- Born: 1989 (age 36–37) Moscow, Russia
- Education: Columbia University
- Occupation: Documentary photographer
- Website: www.dianamarkosian.com

= Diana Markosian =

American documentary photographer, writer, and filmmaker

Diana Markosian (born 1989) is an American artist of Armenian descent working as a documentary photographer, writer, and filmmaker.

Markosian is known for her photo essays, including Inventing My Father, (2013-2014) about her relationship with her father, and 1915, (2015) about the lives of those who survived the Armenian genocide and the land from which they were expelled. Her most recent project, Santa Barbara, published by Aperture, reconstructs her mother's journey from post-Soviet Russia to America, inspired by a 1980s American soap opera. Through a series of staged photographs and a narrative video, the artist reconsiders her family history from her mother’s perspective, relating to her for the first time as a woman rather than a parent, and coming to terms with the profound sacrifices her mother made to become an American.

== Personal life ==
Markosian was born in Moscow. In 1996, she moved to California with her mother and her brother, while her father remained in Russia. She had no contact with him until 23, when she found her father in Armenia, after 15 years of being apart.

Markosian graduated summa cum laude with a bachelor of arts in history and international studies in 2008, and earned a Master of Science from Columbia University's Graduate School of Journalism in 2010 at the age of 20.

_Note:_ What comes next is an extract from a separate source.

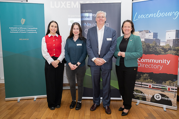 (L-R) Caoimhe McCarthy, Deputy Head of Mission at Embassy of Ireland; Jazmin Campbell, Chronicle.lu; Darren Gorman, Waystone; Jean McDonald, Irish Ambassador to Luxembourg;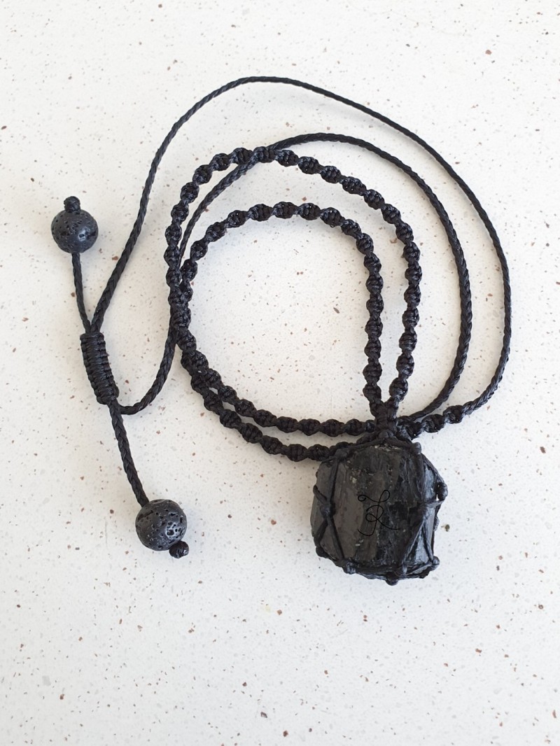 Raw black tourmaline crystal wide wrap necklace and black lava beads with black narrow spiral adjustable macramé cord.

=== 2011 incident in Azerbaijan ===
In 2011, Markosian was sent to Azerbaijan as a photographer for Bloomberg, but she was denied entrance to the country, which was at war with Armenia at the time. Markosian is of Armenian descent but not a citizen of Armenia. The authorities said they couldn't provide her with the "security" she would need because of her Armenian last name. Markosian was held in detention overnight, until she was eventually deported.

== Photography ==
Markosian began her career at 20. Her editorial and personal work has taken her to some of the most remote corners of the world. She worked on assignments for publications including National Geographic Magazine, The New Yorker and The New York Times. For her first assignment for National National Geographic Magazine in 2015, she was commissioned to explore the power and legacy of the Virgin Mary. This ability to photograph "things that are no longer there" has become a signature of her work. Her images have since been published by The Financial Times, World Policy Journal, The New York Times, Foreign Policy, The Times, Human Rights Watch, Amnesty International, amongst other publications.

=== Awards ===
She won the Columbia School of Journalism's annual photography prize, and was chosen as a duPont Fellow. She was selected for the Joop Swart Masterclass from World Press Photo and was the winner of the Magnum Emerging Photographer Fund in 2013. In 2015, she was selected as the first recipient of the Chris Hondros Emerging Photographer Award. The same year, the British Journal of Photography selected her in its global survey of "Ones to Watch". In 2016, Markosian became a nominee member of Magnum Photos. In 2018, she was awarded the Elliott Erwitt Fellowship to travel to Cuba, where she documented the coming of age of young girls in Havana. The work she created was exhibited as a solo show at the Grand Palais in Paris Photo and Photo Espana. She was awarded 1st Place in Contemporary Issues from World Press Photo for an image of Pura, a young girl who was diagnosed with a brain tumor as a child, and was photographed celebrating her quinceanera.